Which is faster? Mul or 32 times addition? If Mul is slower I will reinvent the mul instruction.
Hi Onan,
If I understand correctly, you want to multiply a number by 32. Is that correct? If this is the case, why not use the shl instruction?
shl eax,5 ; multiply eax by 2^5 = 32
MUL is surprisingly fast ~8 clock cycles
but, i am sure Erol is rigt - SHL is probably ~3 clock cycles or less
No not that Erol, I mean something like this
http://en.wikipedia.org/wiki/Binary_multiplier#Example
1011 (this is 11 in binary)
x 1110 (this is 14 in binary)
======
0000 (this is 1011 x 0)
1011 (this is 1011 x 1, shifted one position to the left)
1011 (this is 1011 x 1, shifted two positions to the left)
+ 1011 (this is 1011 x 1, shifted three positions to the left)
=========
10011010 (this is 154 in binary)
Well I guess that Intel Corp Guys were far sophisticated than me on this stuff.
that method of multiplying was faster than MUL on older processors (like the 8088)
one any modern processor, MUL or IMUL is much faster (and much smaller :P )
ok - little surprise here :eek
i used a multiplier constant of 10
for that constant, only 2 bits are set (1010)

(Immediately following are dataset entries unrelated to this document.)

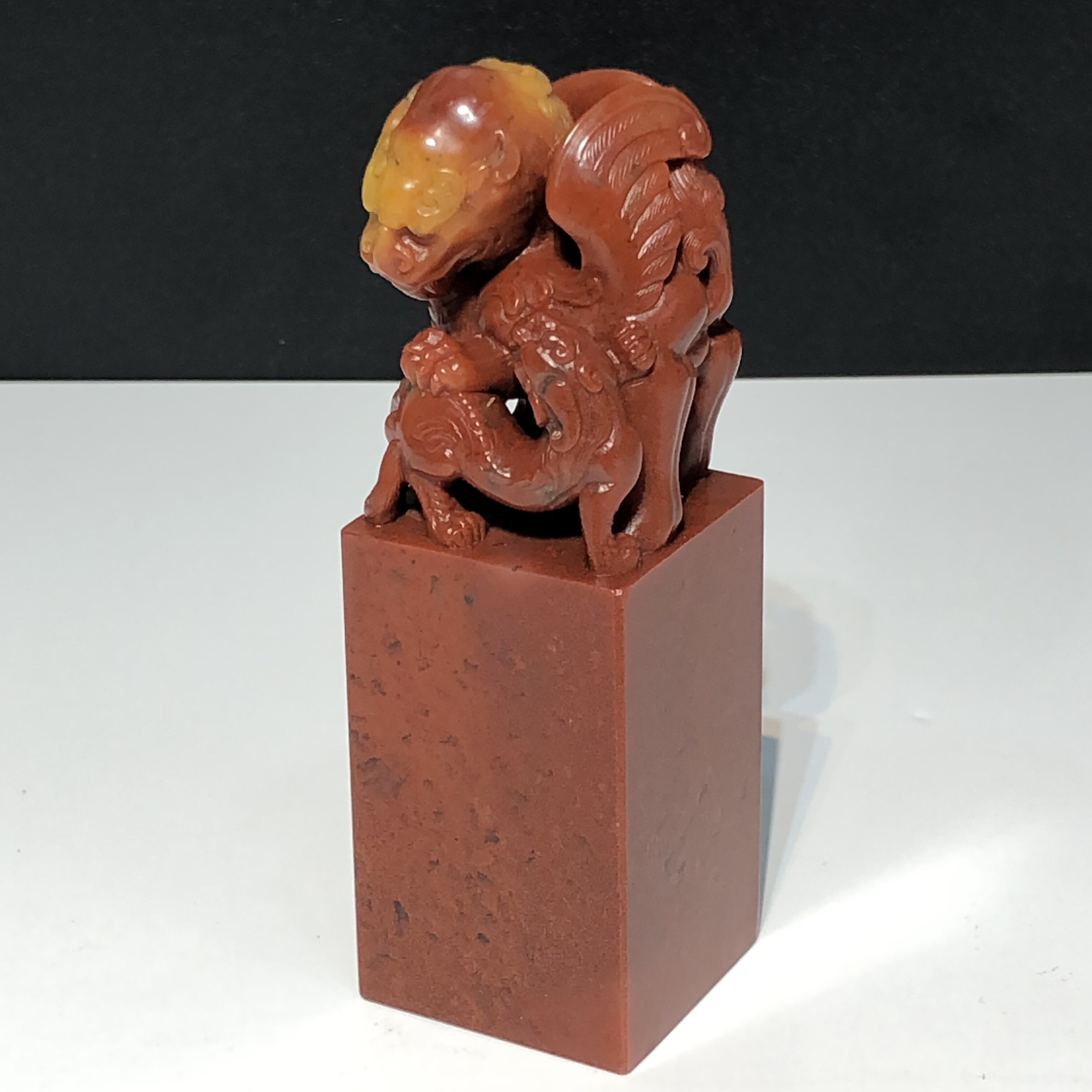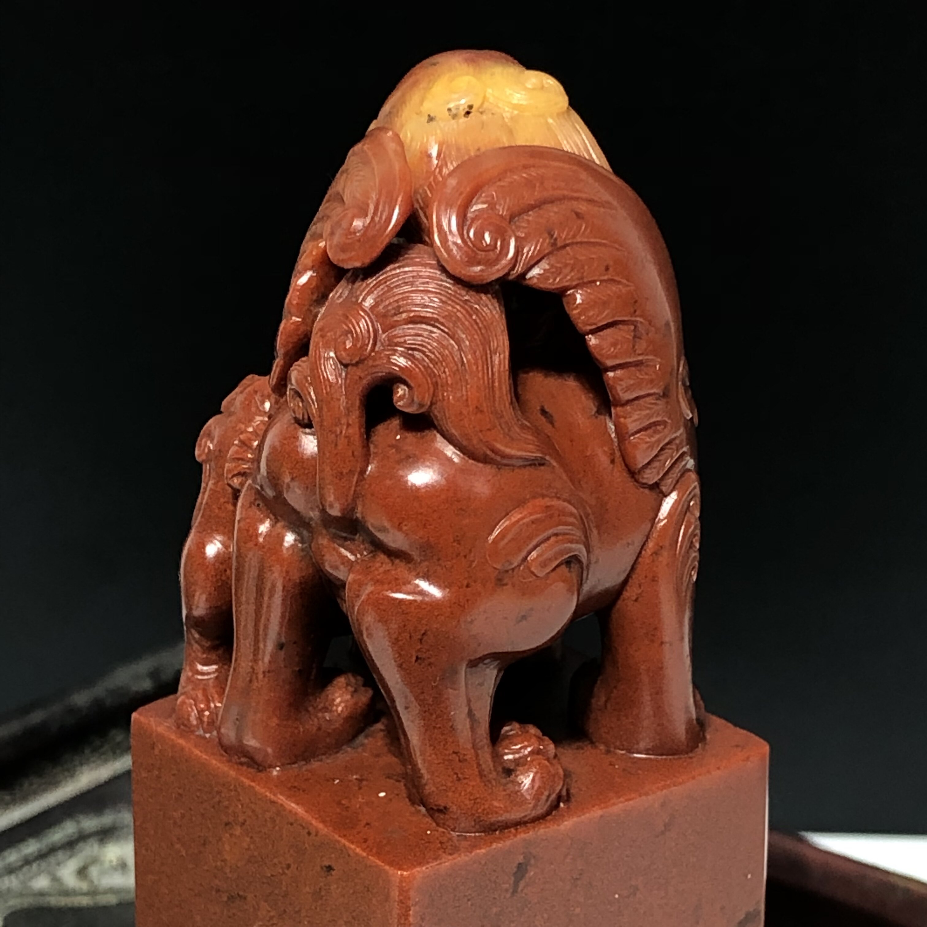 Boutique Shoushan stone seal Durin yellow coincidence Sand Ancient Beast button Zhangwen Play Collection Chishi Artwork Stone Carved Stone Carving
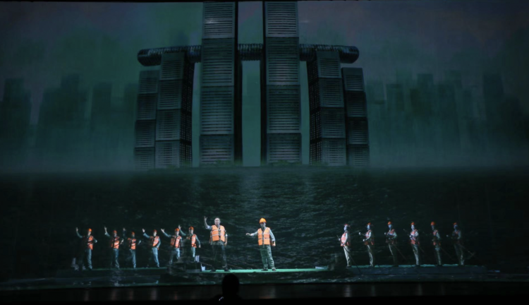 记者看到,在舞台设计上,《一江清水向东流》从中国古代青绿山水画中寻找灵感,利用LED屏和镜面的组合,与灯光影像相配合,一开场就展示了重庆地标朝天门码头夜景的3D效果,让人耳目一新。
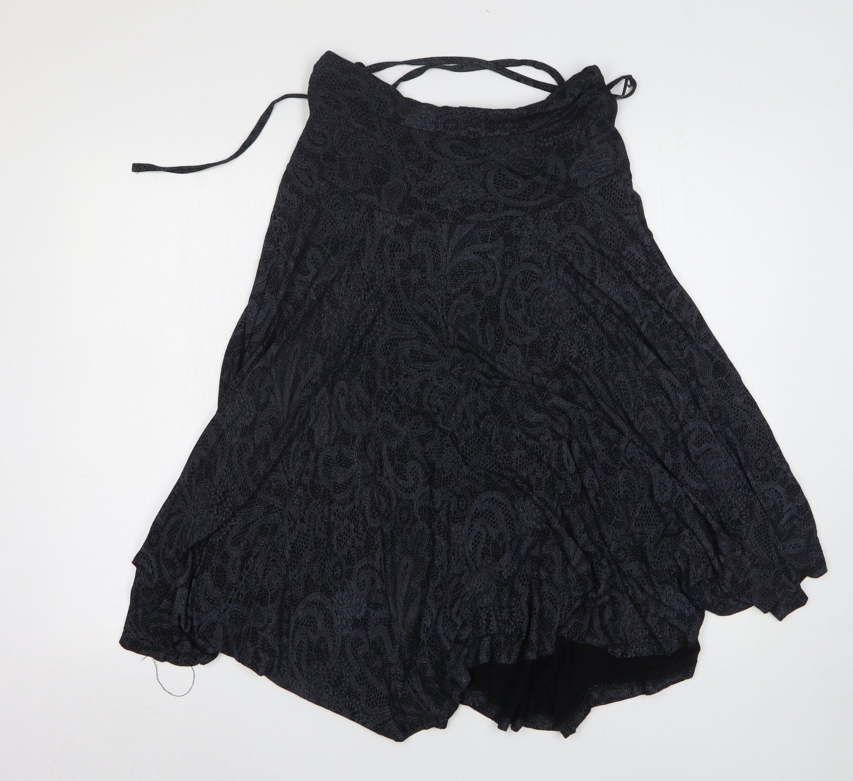 Womens Black Geometric Viscose A-Line Skirt Size 10
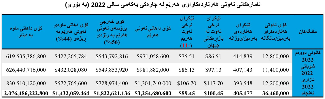 سێیەم: داهات و خەرجی نەوتی هەرێم لە چارەکی یەکەمی ساڵی 2022

if the constant has more than 2 bits set, MUL or IMUL will be faster :P
prescott w/htt:
Pentium 4 Prescott (2005+), MMX, SSE3
X 10 SHL/ADD: 6 6 6 6 6
X 10 MUL: 7 7 7 7 7
X 10 IMUL: 7 7 7 7 7
If you are multiplying by a constant 10, how fast in comparison would the following be:
lea eax,[eax*4+eax]
add eax,eax
thanks for reminding me, Ray :P
Pentium 4 Prescott (2005+), MMX, SSE3
X 10 SHL/ADD: 6 6 6 6 6
X 10 MUL: 7 7 7 7 7
X 10 IMUL: 7 7 7 7 7
X 10 LEA [EAX*4+EAX]: 7 7 7 7 7
X 10 ADD [EAX*8+EAX]: 7 7 7 7 7
i believe those methods will be faster on most processors newer than the P4's
Core (2006+), MMX, SSE3
X 10 SHL/ADD: 4 4 4 4 4
X 10 MUL: 6 6 6 6 6
X 10 IMUL: 6 6 6 6 6
X 10 LEA [EAX*4+EAX]: 3 3 3 3 3
X 10 ADD [EAX*8+EAX]: 3 3 3 3 3
P3 (2000+), MMX, SSE1
X 10 SHL/ADD: 6 6 6 6 6
X 10 MUL: 6 6 6 6 6
X 10 IMUL: 7 7 7 7 7
X 10 LEA [EAX*4+EAX]: 6 6 6 6 6
X 10 ADD [EAX*8+EAX]: 6 6 6 6 6
I bet that intel Guy did not use one IC for the mul, but multiple. On MCS51, Inc 24 clock Add 12 Clock and MUL and DIV 48 Clock, obviously, they done something special except for the INC instruction.